RECORDED DATA ::
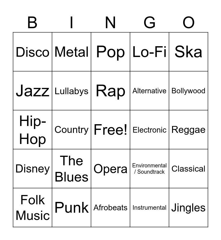 This bingo card has a free space and 28 words: Classical, Dance, Alternative, Instrumental, Jazz, Pop, Metal, Disney, Electronic, Folk Music, Hip-Hop, Lo-Fi, Punk, Afrobeats, Bollywood, Salsa, The Blues, Lullabys, Rap, Opera, Disco, R&B/Soul, Jingles, Country, Reggae, Environmental / Soundtrack, Ska and Rock n Roll.
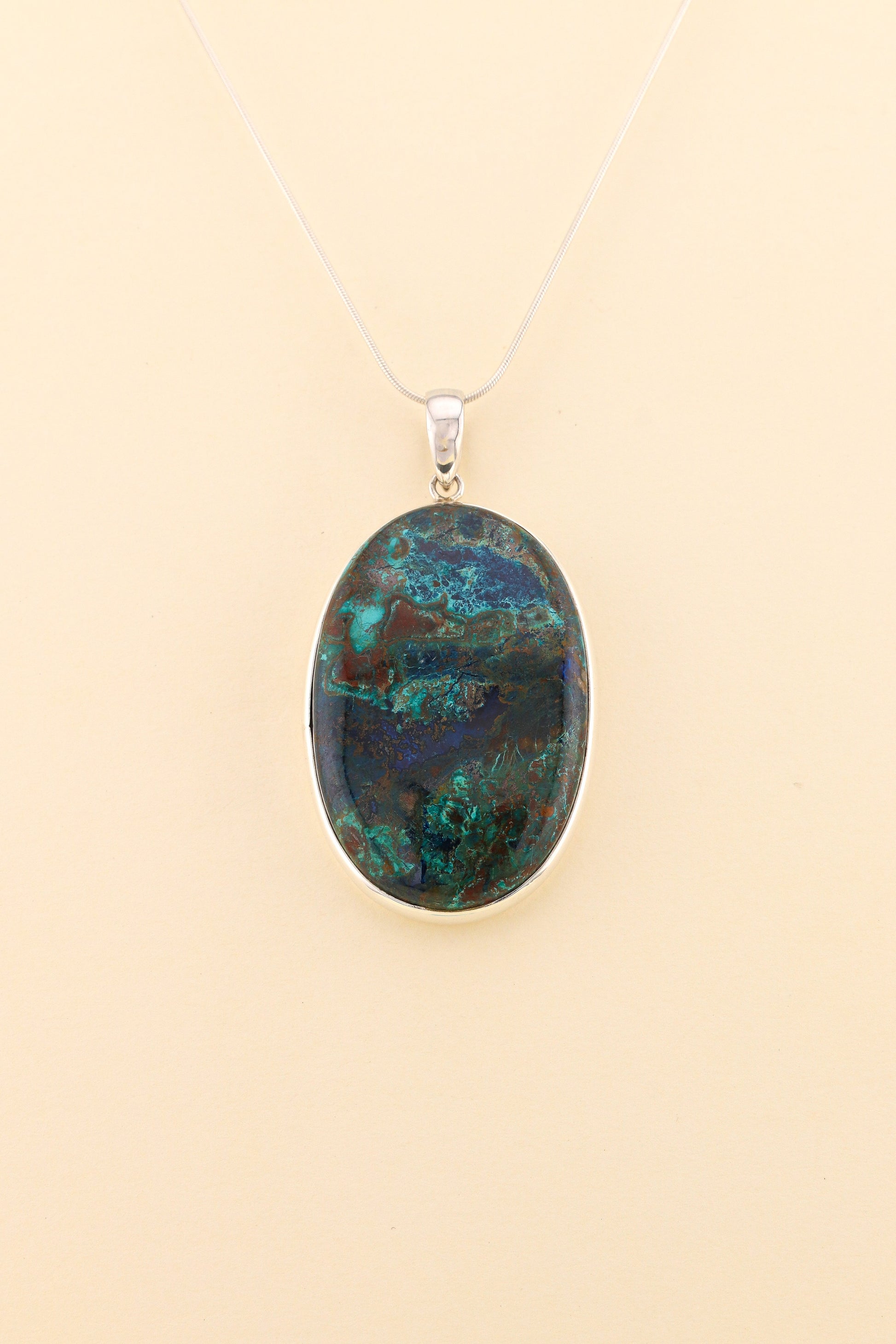 This Azurite stone shows beautiful colors and interesting pattern. The stone is set with 925 sterling silver.
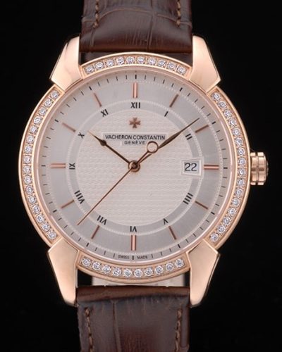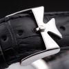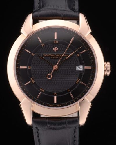 Bracelet: Black crocodile leather strap with heat embossed Vacheron Constantin Replica stamp and polished stainless steel Vacheron Constantin Replica logo hook-buckle clasp

ABOUT THIS EXERCISE :: Leaving out the pictures, transcribe the material above exactly.

EXERCISE RESPONSE ::
 This bingo card has a free space and 28 words: Classical, Dance, Alternative, Instrumental, Jazz, Pop, Metal, Disney, Electronic, Folk Music, Hip-Hop, Lo-Fi, Punk, Afrobeats, Bollywood, Salsa, The Blues, Lullabys, Rap, Opera, Disco, R&B/Soul, Jingles, Country, Reggae, Environmental / Soundtrack, Ska and Rock n Roll.
 This Azurite stone shows beautiful colors and interesting pattern. The stone is set with 925 sterling silver.
 Bracelet: Black crocodile leather strap with heat embossed Vacheron Constantin Replica stamp and polished stainless steel Vacheron Constantin Replica logo hook-buckle clasp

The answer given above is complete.